(EXERCISE DATA Opens)

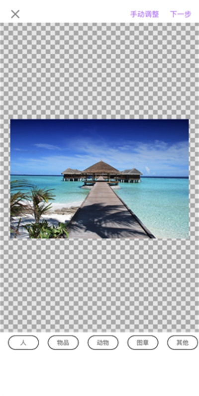7.若采用AI抠图功能,在导入图片之后,需要从人、物品、动物、图章等类别里挑选对应的选项,以此来对主体进行识别。
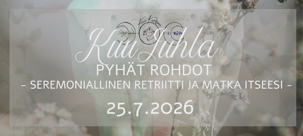 Kasvien henget ja väki johdattavat sinut syvemmän tietoisuuden äärelle. Rumpu ja löyly toimivat apuhenkinä matkallasi. Yhdeksän puun, yrttien ja Panun väki sekä rajanylityksen kasvi-auttajat ovat matkalla mukanasi. Lähde kokemaan KuuJuhlan Pyhät Rohdot - retriitti ja matka itseesi, sieluusi ja syvempään tietoisuuteen, oman itsesi tuntemiseen. Päivään sisältyy sekä sielun että ruumiin ravintoa sekä yhdessäolon ja läsnäolon rauhoittavia kokemuksia.
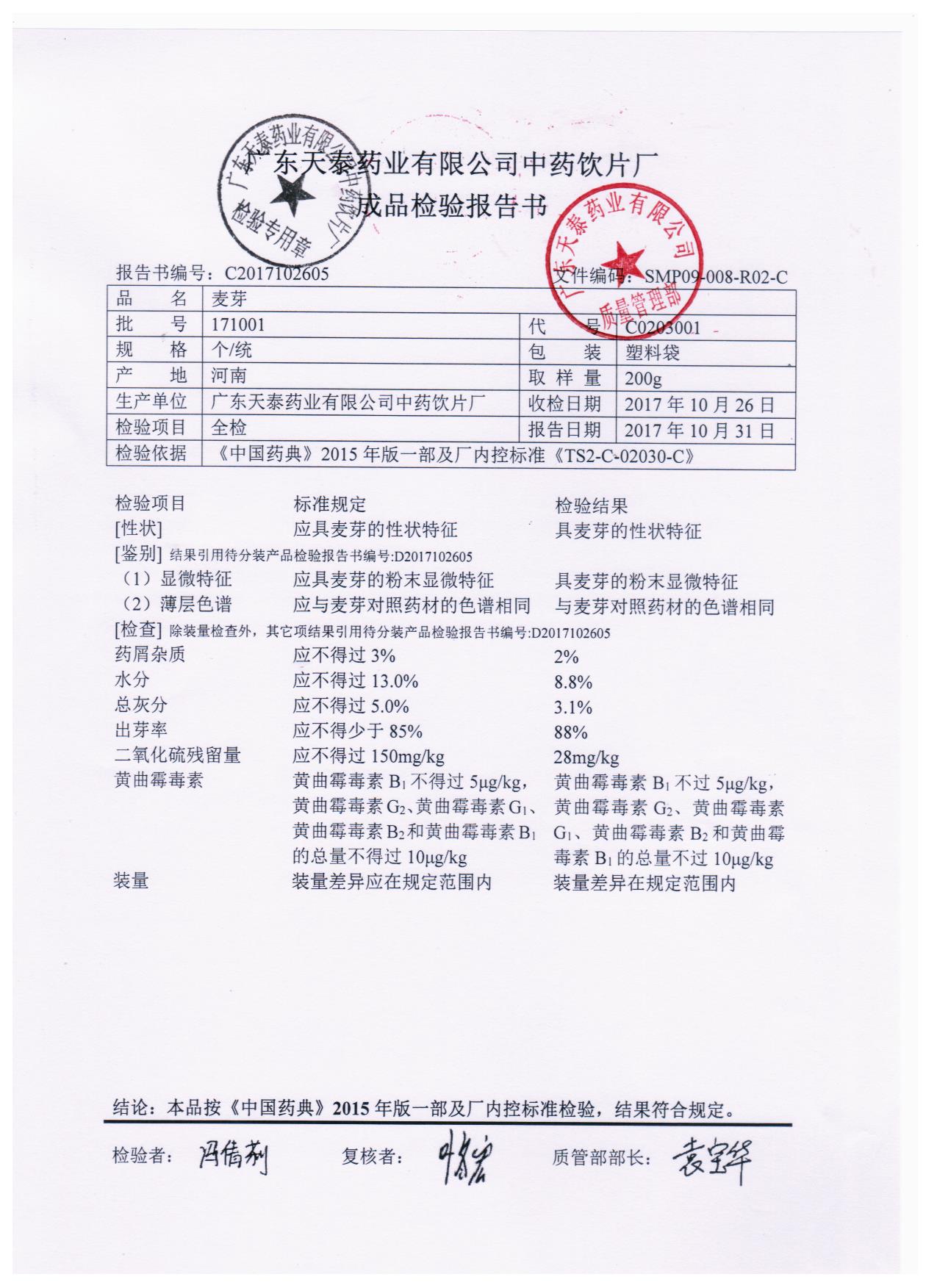 药检报告
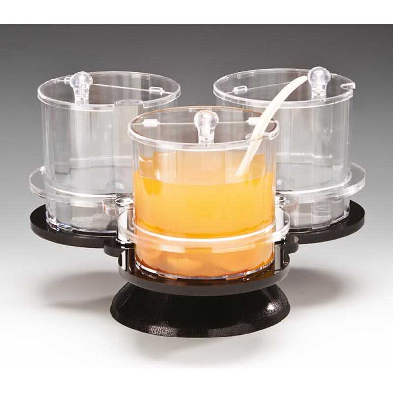 Dayanıklı polikarbon gövdesi, yoğun kullanıma uygun sağlam bir yapı sunar. 3’lü set formu ve toplam 1.5 litre kapasitesi ile farklı sos ve reçellerin aynı anda sunulmasına imkân tanır. Döner mekanizması, servis sırasında hız ve kullanım kolaylığı sağlar. Kolay temizlenebilir yüzeyi hijyen standartlarını destekler.
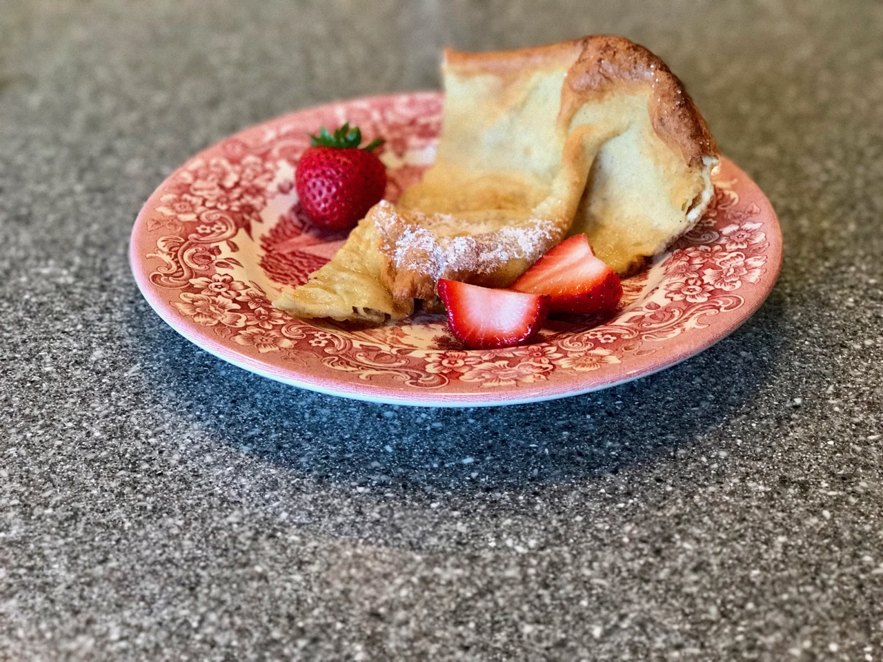 Sprinkle some confectioners sugar on the top and add some fresh strawberries to complete the delicious dutch baby.
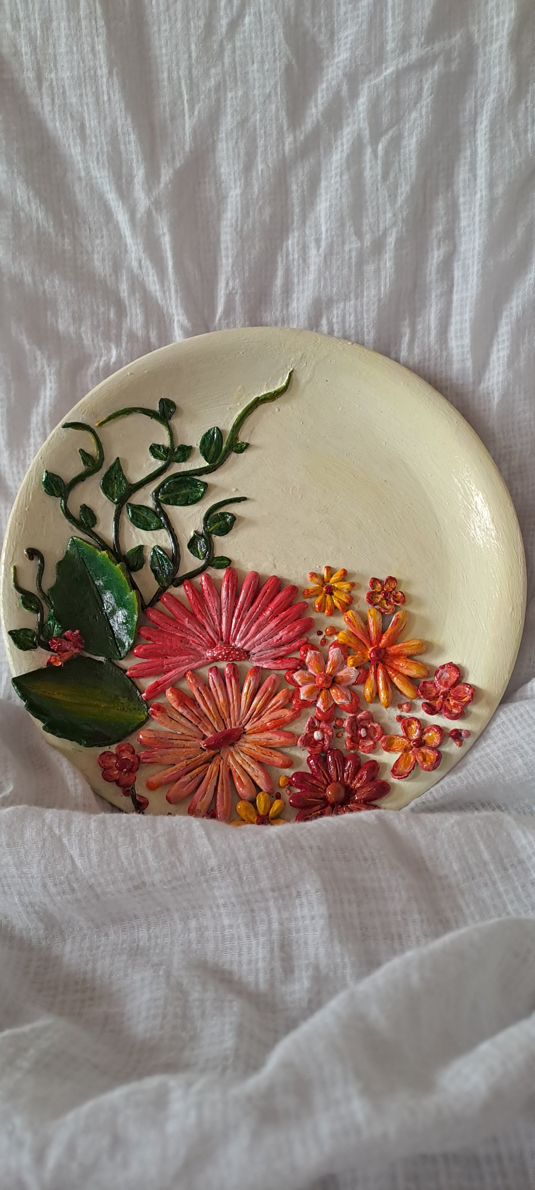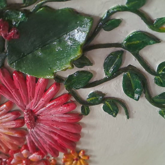 This vibrant artwork is sculpted directly onto an eco-friendly earthen clay plate, featuring handmade clay flowers and leaves that rise beautifully in 3D relief. The background is painted in a soft, soothing light yellow, creating a warm contrast that makes the colors pop.
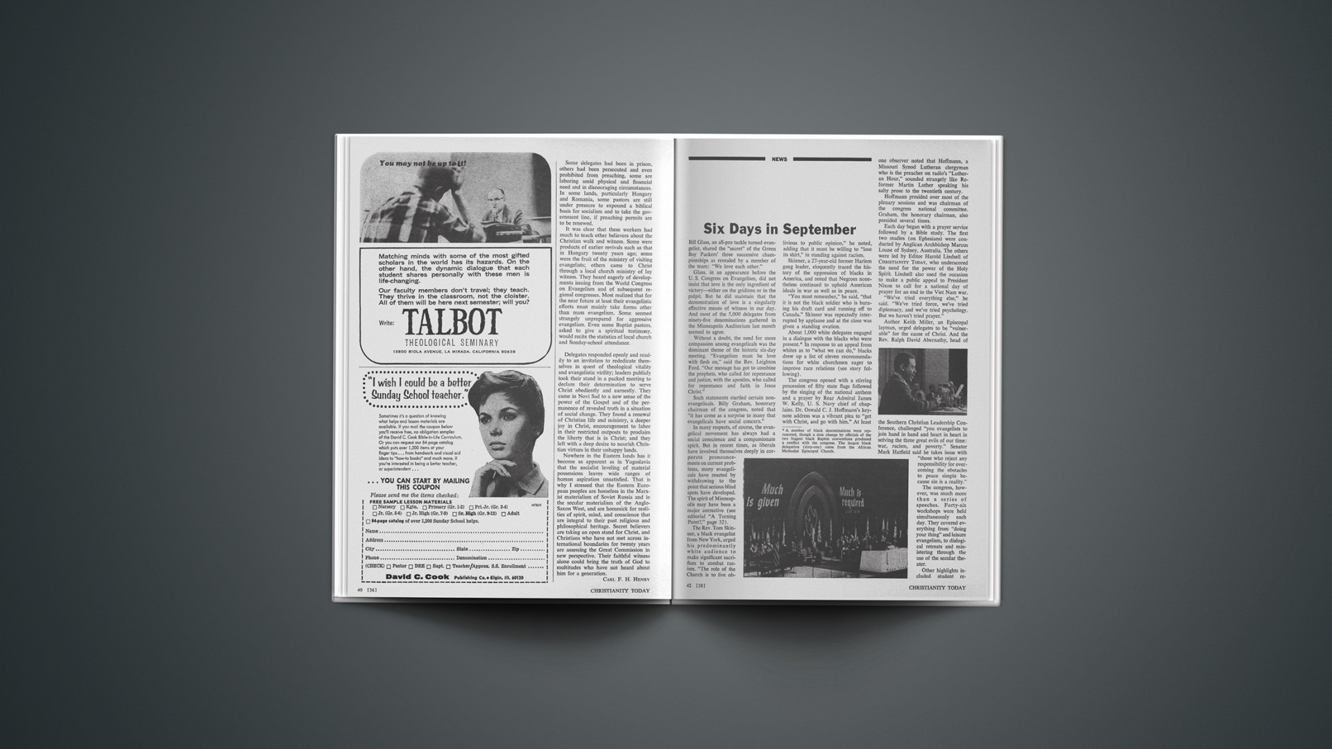 I witnessed a series of conferences for young people based on the theme “reconciliation,” not of men with God but of the Church with the world. Indeed, it was not so much reconciliation that was being taught as revolution—revolution against God, the “establishment,” and the present order of things. A representative of the black militants was brought in to tell the whites how evil they were. And a representative of the Students for a Democratic Society—an organization that is thought by many to be Communist-oriented—was brought in to preach revolution by violent action.
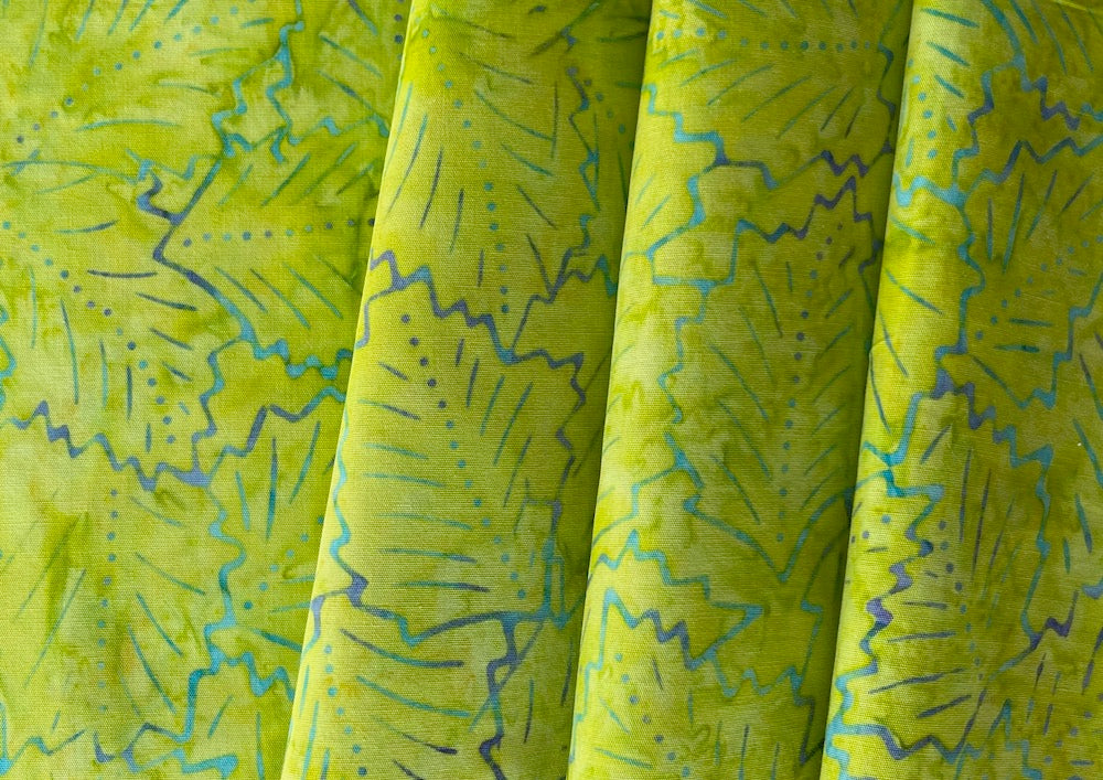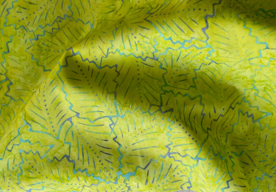 A tightly woven, soft cotton batik, with a poplin hand, in a print of chestnut oak leaves on a lime green background.
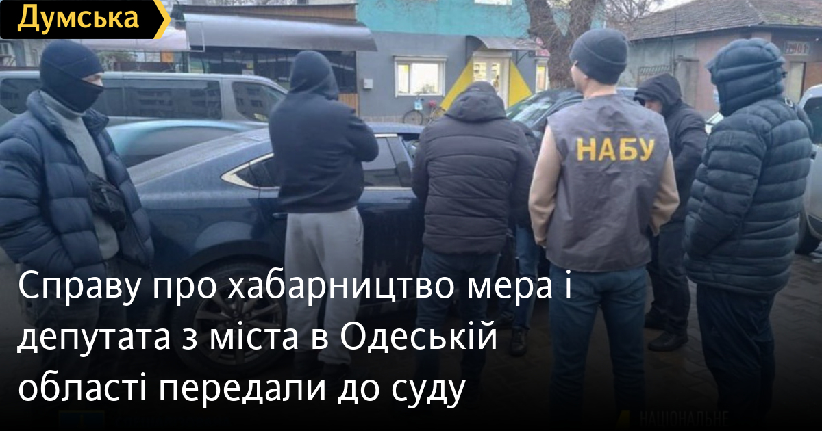 Справу про хабарництво мера і депутата з міста в Одеській області передали до судуСлідчі НАБУ скерували до суду обвинувальний акт щодо мера Рені Ігоря Плехова та депутата міськради Івана Подойлова. У відомстві повідомили, що їхню справу розглядатимуть за ч. 4 ст. 368 Кримінального кодексу України (одержання неправомірної вигоди службовою особою). За даними слідства, фігуранти вимагали у бізнесмена 100 тисяч доларів за «сприяння» при виділенні в оренду 2,5 га землі. 24 січня мера і депутата затримали під час отримання першого траншу хабара в розмірі 50 тис. дол. СМЕРТЬ РОСІЙСЬКИМ ОКУПАНТАМ! Помітили помилку? Виділяйте слова з помилкою та натискайте control-enter Новини по цій темі: 15 липня 2025: Вимагала 400 євро за підробку документів для пенсії: в Одеській області чиновниця попалася на хабарі (фото, відео) 27 червня 2025: За 40 тис. грн хотів купити секретні розробки: в Одесі затримали співробітника приватної фірми 6 червня 2025: Вимагав три тисячі доларів за довідку про інвалідність: в Одесі затримали головлікаря лікарні (фото) 8 травня 2025: Обіцяли оформити програмістом в комунальне підприємство: в Одеській області викрили схему ухилення від армії |
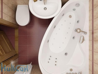 Угловые ванны смотрятся красиво по сравнению с классическими чугунными монстрами, одинаковыми у всех. Современные технологии позволяют делать из акрила любые формы, белоснежные или цветные джакузи разнообразной удобной и эстетичной формы хорошо смотрятся в комнате. Конечно, часто площадь не позволяет джакузи быть красивой, главное, чтобы все уместилось. Однако при грамотной расстановке, хорошем дизайне плитки и главное большой красивой белоснежной сантехнике даже в небольшой комнате будет на что полюбоваться.
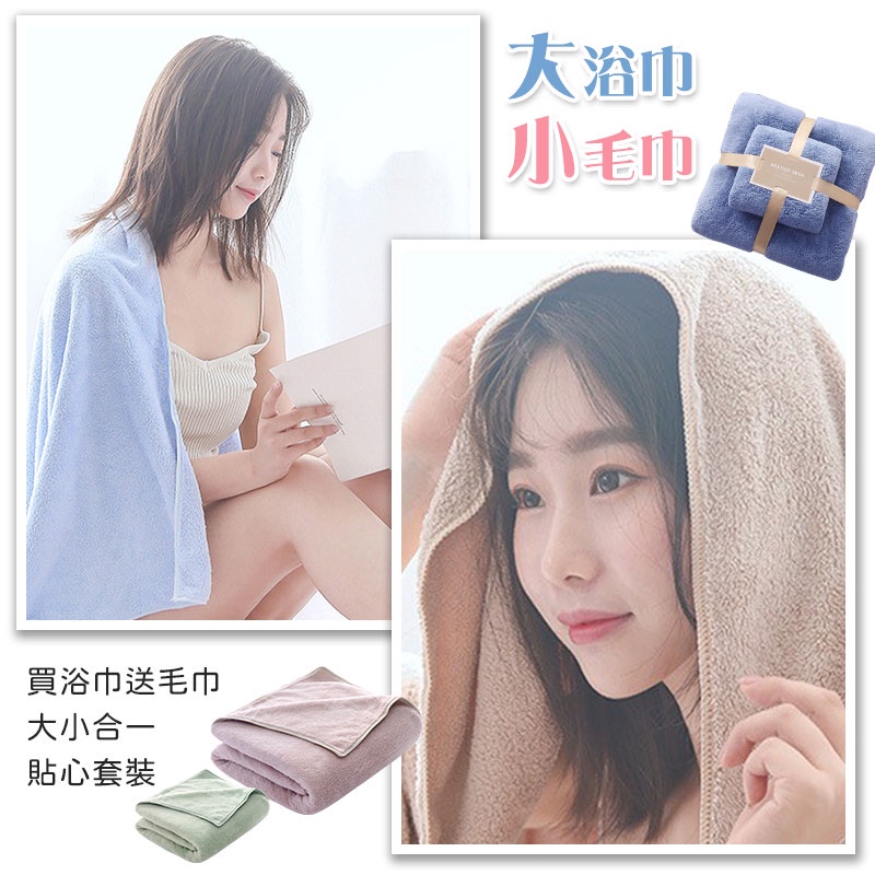 珊瑚絨吸水浴巾【60359】買大送小 瞬吸毛巾 浴巾 超細纖維 吸水不掉毛 浴巾+毛巾2件組 加厚毛巾 洗澡
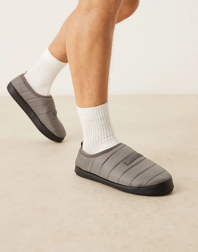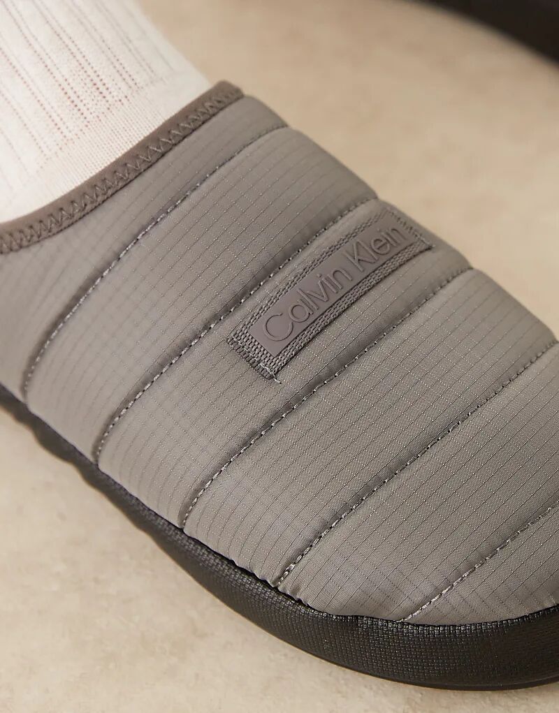 Тапочки-пуховики Calvin Klein из рипстопа серого цвета
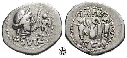 L.Sulla. 84-83 BC. AR Denarius (3.86 gm). Diademed head of Venus right; cupid with long palm branch before / Capis and lituus between two trophies. Cr359/2; Syd 761; Cornelia 30.

(EXERCISE DATA Closes)

TASK STATEMENT >> The data above should be repeated exactly, minus any pictures.

WRITTEN RESPONSE >>
7.若采用AI抠图功能,在导入图片之后,需要从人、物品、动物、图章等类别里挑选对应的选项,以此来对主体进行识别。
 Kasvien henget ja väki johdattavat sinut syvemmän tietoisuuden äärelle. Rumpu ja löyly toimivat apuhenkinä matkallasi. Yhdeksän puun, yrttien ja Panun väki sekä rajanylityksen kasvi-auttajat ovat matkalla mukanasi. Lähde kokemaan KuuJuhlan Pyhät Rohdot - retriitti ja matka itseesi, sieluusi ja syvempään tietoisuuteen, oman itsesi tuntemiseen. Päivään sisältyy sekä sielun että ruumiin ravintoa sekä yhdessäolon ja läsnäolon rauhoittavia kokemuksia.
 药检报告
 Dayanıklı polikarbon gövdesi, yoğun kullanıma uygun sağlam bir yapı sunar. 3’lü set formu ve toplam 1.5 litre kapasitesi ile farklı sos ve reçellerin aynı anda sunulmasına imkân tanır. Döner mekanizması, servis sırasında hız ve kullanım kolaylığı sağlar. Kolay temizlenebilir yüzeyi hijyen standartlarını destekler.
 Sprinkle some confectioners sugar on the top and add some fresh strawberries to complete the delicious dutch baby.
 This vibrant artwork is sculpted directly onto an eco-friendly earthen clay plate, featuring handmade clay flowers and leaves that rise beautifully in 3D relief. The background is painted in a soft, soothing light yellow, creating a warm contrast that makes the colors pop.
 I witnessed a series of conferences for young people based on the theme “reconciliation,” not of men with God but of the Church with the world. Indeed, it was not so much reconciliation that was being taught as revolution—revolution against God, the “establishment,” and the present order of things. A representative of the black militants was brought in to tell the whites how evil they were. And a representative of the Students for a Democratic Society—an organization that is thought by many to be Communist-oriented—was brought in to preach revolution by violent action.
 A tightly woven, soft cotton batik, with a poplin hand, in a print of chestnut oak leaves on a lime green background.
 Справу про хабарництво мера і депутата з міста в Одеській області передали до судуСлідчі НАБУ скерували до суду обвинувальний акт щодо мера Рені Ігоря Плехова та депутата міськради Івана Подойлова. У відомстві повідомили, що їхню справу розглядатимуть за ч. 4 ст. 368 Кримінального кодексу України (одержання неправомірної вигоди службовою особою). За даними слідства, фігуранти вимагали у бізнесмена 100 тисяч доларів за «сприяння» при виділенні в оренду 2,5 га землі. 24 січня мера і депутата затримали під час отримання першого траншу хабара в розмірі 50 тис. дол. СМЕРТЬ РОСІЙСЬКИМ ОКУПАНТАМ! Помітили помилку? Виділяйте слова з помилкою та натискайте control-enter Новини по цій темі: 15 липня 2025: Вимагала 400 євро за підробку документів для пенсії: в Одеській області чиновниця попалася на хабарі (фото, відео) 27 червня 2025: За 40 тис. грн хотів купити секретні розробки: в Одесі затримали співробітника приватної фірми 6 червня 2025: Вимагав три тисячі доларів за довідку про інвалідність: в Одесі затримали головлікаря лікарні (фото) 8 травня 2025: Обіцяли оформити програмістом в комунальне підприємство: в Одеській області викрили схему ухилення від армії |
 Угловые ванны смотрятся красиво по сравнению с классическими чугунными монстрами, одинаковыми у всех. Современные технологии позволяют делать из акрила любые формы, белоснежные или цветные джакузи разнообразной удобной и эстетичной формы хорошо смотрятся в комнате. Конечно, часто площадь не позволяет джакузи быть красивой, главное, чтобы все уместилось. Однако при грамотной расстановке, хорошем дизайне плитки и главное большой красивой белоснежной сантехнике даже в небольшой комнате будет на что полюбоваться.
 珊瑚絨吸水浴巾【60359】買大送小 瞬吸毛巾 浴巾 超細纖維 吸水不掉毛 浴巾+毛巾2件組 加厚毛巾 洗澡
 Тапочки-пуховики Calvin Klein из рипстопа серого цвета
 L.Sulla. 84-83 BC. AR Denarius (3.86 gm). Diademed head of Venus right; cupid with long palm branch before / Capis and lituus between two trophies. Cr359/2; Syd 761; Cornelia 30.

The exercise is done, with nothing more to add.